[Extracted entries Boundary: Start]

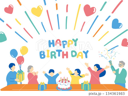 Vector illustration depicting a joyful family gathering with multiple generations celebrating an occasion. Presents, a cake, balloons, and happy expressions set a festive scene.
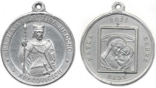 Křečovice - Mariánská družina jinochú b.l. Av.: Poloviční postava sv. Václava, opis / Milostný obraz Panny Marie z Genazzana MATKA BOŽÍ DOBRÉ RADY, opis Al 31 mm orig. ouško Přibil 144
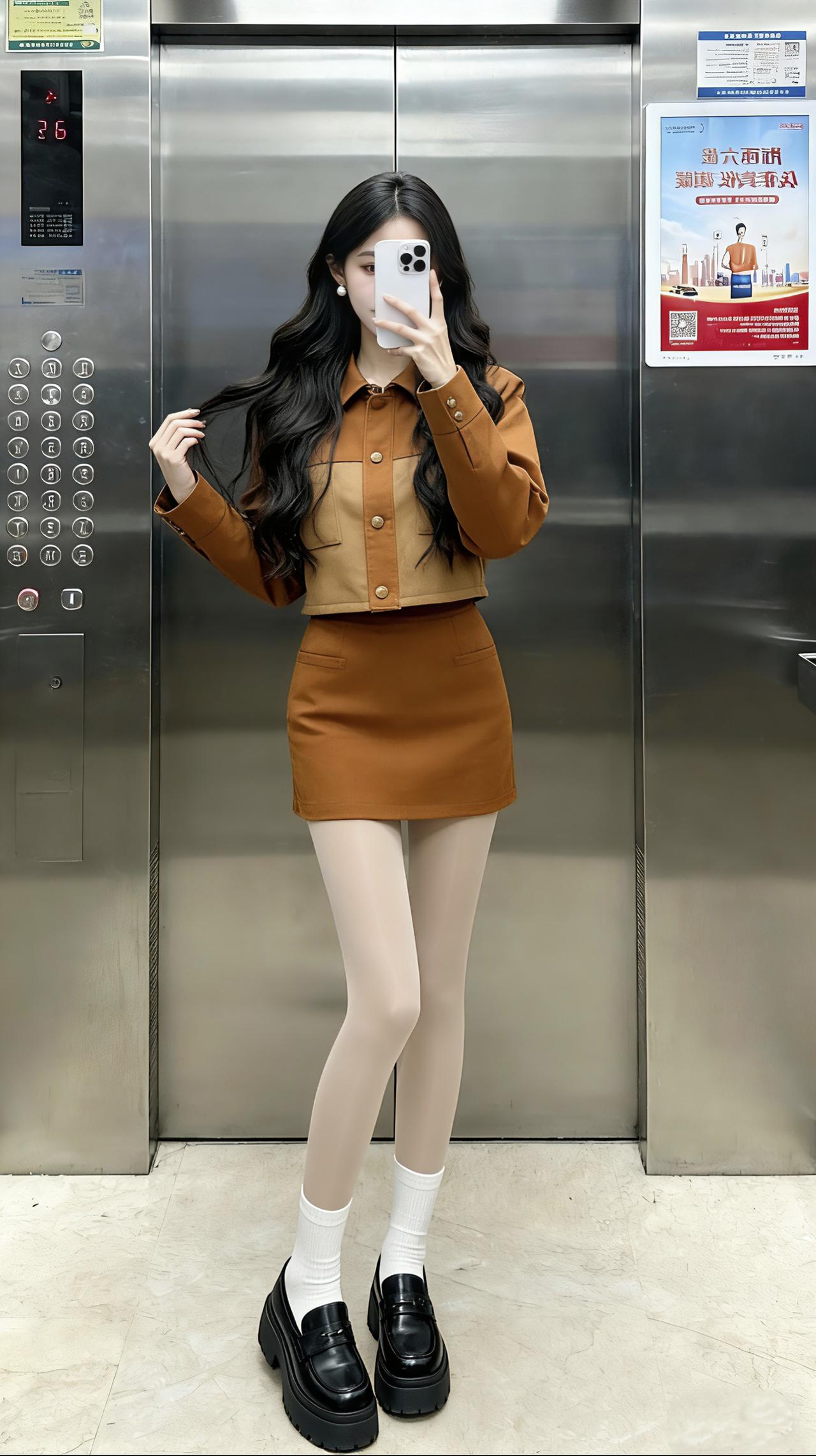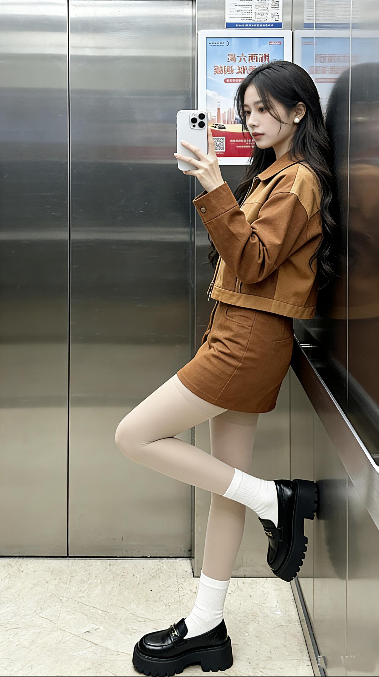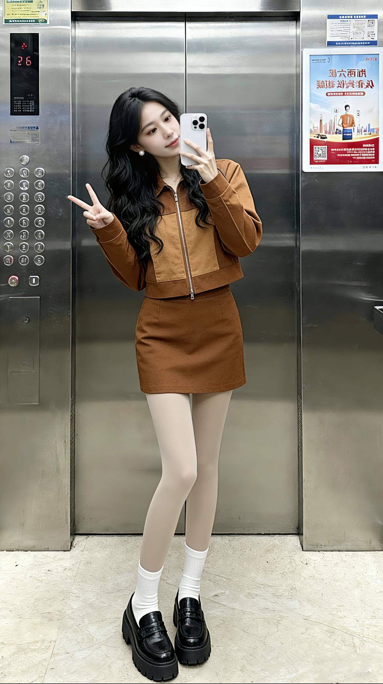 甜妹 甜美穿搭 甜妹穿搭 丝袜穿搭 电梯拍照
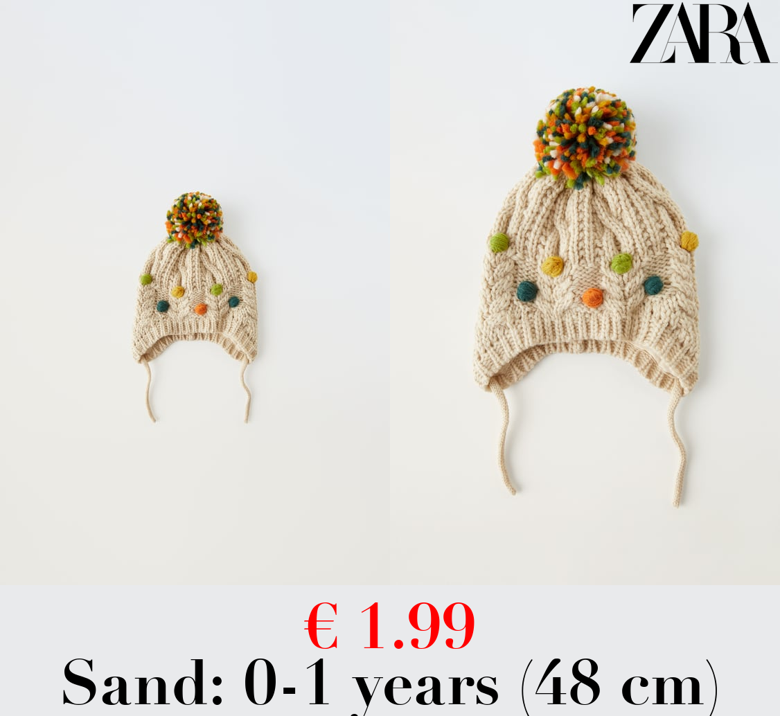 € 1.99 KNIT POMPOM BEANIE WITH EMBROIDERY AND EARMUFFS
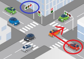 다음과 같이 신호등이 횡단보도에 차량 우회전 신호등이 있는 곳이라면 이해하기 쉽습니다. 우회전 신호등이 설치된 곳에서는, 우회전 녹색 화살표 신호에 따라 진행하면 됩니다. 직진 방향 신호등과 상관없이, 오른쪽에 설치된 우회전 신호등을 바라보면 됩니다. 빨간 불이면 멈춰야 하고, 파란불일 때 천천히 서행하시면 됩니다.
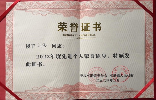 本网讯(通讯员 赵卫军)2月7日,在木港镇召开全镇三级干部大会上,Kaiyun科技股份有限公司驻村工作队员刘伟同志再获“木港镇2022年度先进个人”荣誉称号,这是他连续两年获得这一荣誉。
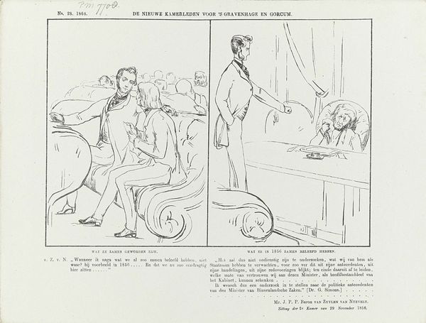Editor: This is an ink drawing from 1864 by Johan Michael Schmidt Crans. The title is quite a mouthful: "Spotprent op de interpellatie van Rochussen over het omhakken van koffiebomen in Indie." I'm struck by its somewhat whimsical and satirical tone. What do you make of it? Curator: Given the title, and knowing the historical context, it's likely a piece of political commentary. The "interpellatie," or questioning, of Rochussen probably refers to a parliamentary debate about the destruction of coffee plants in the Dutch East Indies. How do you think this debate manifests in the imagery of the cartoon? Editor: Well, there's a central figure blowing on a cup, presumably coffee. And the caption reads something like "Hard blow and mouth burned"? So there’s something ironic about the coffee causing harm despite the attempts to cool it down. Curator: Precisely! The artist likely used this imagery to critique Dutch colonial policies. The "burning" suggests that even seemingly beneficial policies were causing pain or harm to the colonized population. Considering this, where do you think the figures lurking on the left are placed? Editor: They seem like shadowy observers, removed from the central action with the coffee, maybe suggesting detached members of the parliament? It definitely deepens the political meaning knowing that coffee is connected to the coffee plantations. Curator: Exactly! And seeing the sketchiness of the art form in terms of its political context gives it another layer of meaning as propaganda. What began as funny or sarcastic now gives a look at political relationships from that time period. Editor: I had missed that at first glance but now I see it's a snapshot of the politics of the coffee trade at the time. It really highlights how even a seemingly simple drawing can reveal complex political realities. Curator: It does, and that's the power of art—revealing how museums, galleries, and socio-political forces all interact in different public and private displays.
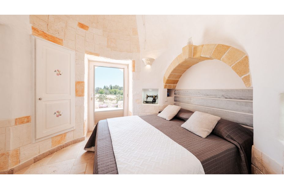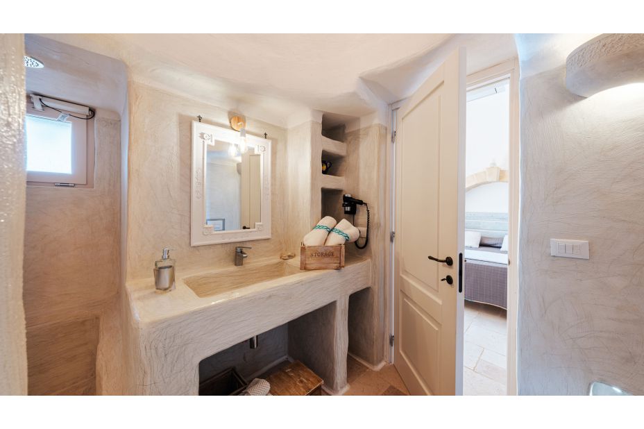 Ein Korridor führt zum Schlafbereich. Das Trullo-Zimmer ist ein Doppelzimmer mit eigenem Bad mit Steinbadewanne und Dusche. Die anderen beiden Schlafzimmer sind ein Doppelzimmer mit eigenem Bad mit Dusche und ein Doppelzimmer mit Einzelbetten immer mit eigenem Bad mit Dusche.
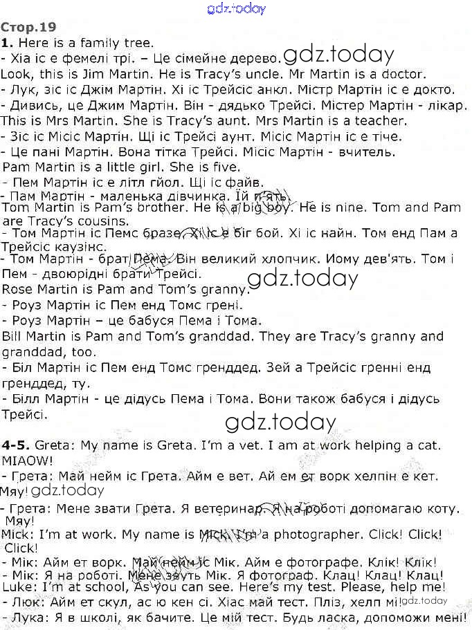 На страницах сайта gdz.today вы найдете учебный и вспомогательный материал, направленный на улучшения знаний школьной программы. ГДЗ - онлайн мир знаний Рішення до Сторінки 19 Учебнику по Английскому языку для 2 класса Карпюк Видавництво Астон 2019
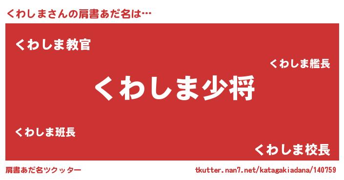 | 男性向けラノベタイトル風あだ名 | 『クワシマスレイヤー』 |
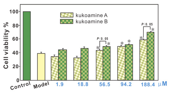 Protective effects of kukoamine A and B against Fenton-induced damage in bmMSCs, as measured in the MTT assay. These data represent the mean ± SD (n = 5). * p < 0.05 vs. model. The Fenton reagent (FeCl2 plus H2O2) was used to generate •OH radicals. MTT, 3-(-dimethylthiazol-2-yl)-2,5-diphenyltetrazolium bromide.
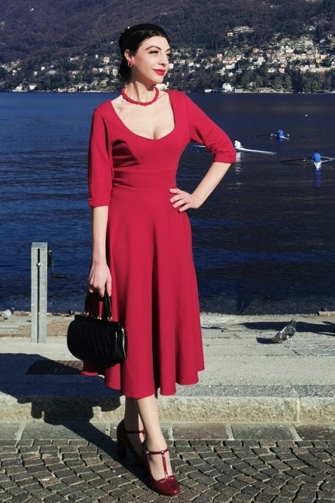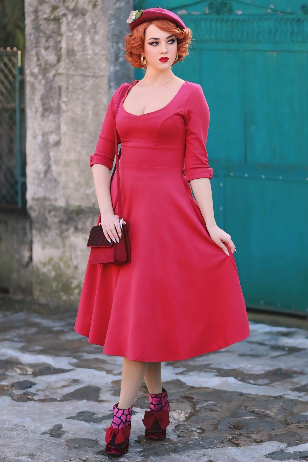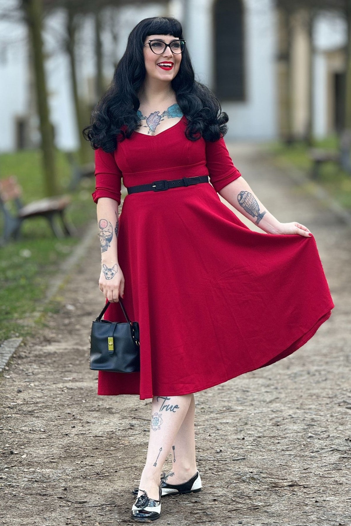 So comfortable & stretchy! Our Scarlette dress is a must have in your wardrobe. This style features a fitted bodice, a sweetheart neckline, 3/4 long sleeves and - of course - our classic a-line skirt with hidden side pockets and a hidden back zip. The pockets are large enough for your mobile phone and purse! Style it for a chic look or pump it up with one of our soft & fluffy petticoats.
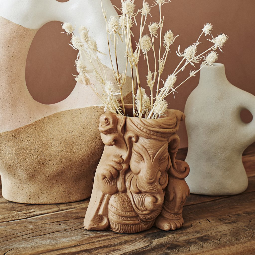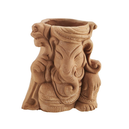 Superfin liten vas i lergods föreställande den hinduiska guden Ganesha. Underbara detaljer!

[Extracted entries Boundary: End]

# Task requirements
Reproduce exactly, with no pictures, the lines above from the one holding "На страницах сайта" to the one holding "Protective effects of", inclusive.

# Exercise output
 На страницах сайта gdz.today вы найдете учебный и вспомогательный материал, направленный на улучшения знаний школьной программы. ГДЗ - онлайн мир знаний Рішення до Сторінки 19 Учебнику по Английскому языку для 2 класса Карпюк Видавництво Астон 2019
 | 男性向けラノベタイトル風あだ名 | 『クワシマスレイヤー』 |
 Protective effects of kukoamine A and B against Fenton-induced damage in bmMSCs, as measured in the MTT assay. These data represent the mean ± SD (n = 5). * p < 0.05 vs. model. The Fenton reagent (FeCl2 plus H2O2) was used to generate •OH radicals. MTT, 3-(-dimethylthiazol-2-yl)-2,5-diphenyltetrazolium bromide.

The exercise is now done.